Word choice in scenes

Guest blogger, Ingrid Sundberg, had a really good article posted on The Parking Lot Confessional blog. Titled “The Right Word,” it addressed the topic of word choice in your manuscript. A few weeks ago, I had a manuscript critiqued at a local conference, and the editor talked about using the right word choice to bring a scene to life.

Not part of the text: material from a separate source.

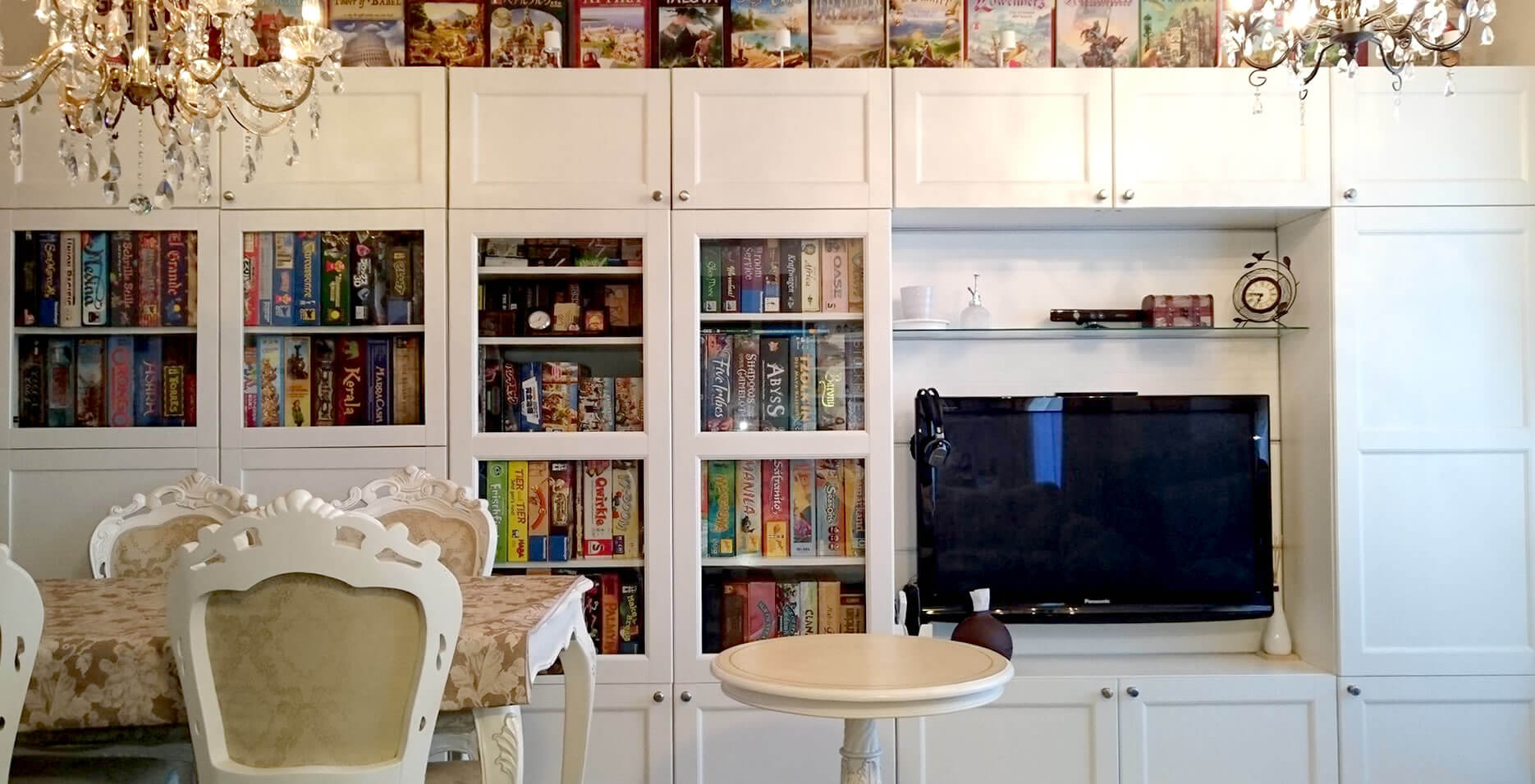 ふつくしい。ビューティホー。インテリア系の雑誌に出てきてもおかしくないくらいキレイです。この部屋でブラーノ島をプレイしてみたくなるのは私だけでしょうか。棚内はボードゲームの丈がほぼ完全一致するもので揃えられています。棚の上には「貿易」「商人」「戦争」などの中世ヨーロッパの史実系ボードゲームが並べられているように見えます。歴史のワンシーンを切り取ったような感じのボードゲームは、私も超どストライクなテーマです。

Sundberg has a couple of examples in her piece and also two exercises that go into more detail. In the first exercise, “Scene Analysis … pick a scene in a book where you (as reader) felt an emotional connection….  Exercise two … Write with Word Lists … A great way to use this technique in your own work is to create word-lists.” Of course, you need to read the entire piece to appreciate why word choice in scenes is critical. According to Sundberg, “a new emotional layer has been added to your work with the touch of a few carefully chosen words.” 
She’s right. 
Pinatas
I love the definition of scenes in the book, Writing Tools: 50 Essential Strategies for Every Writer, by Roy Peter Clark. The author writes, “You don’t build a story or a book of words and sentences and paragraphs—you build it of scenes, one piled on top of the next, each changing something that came before, all of them moving the story inexorably and relentlessly forward.” 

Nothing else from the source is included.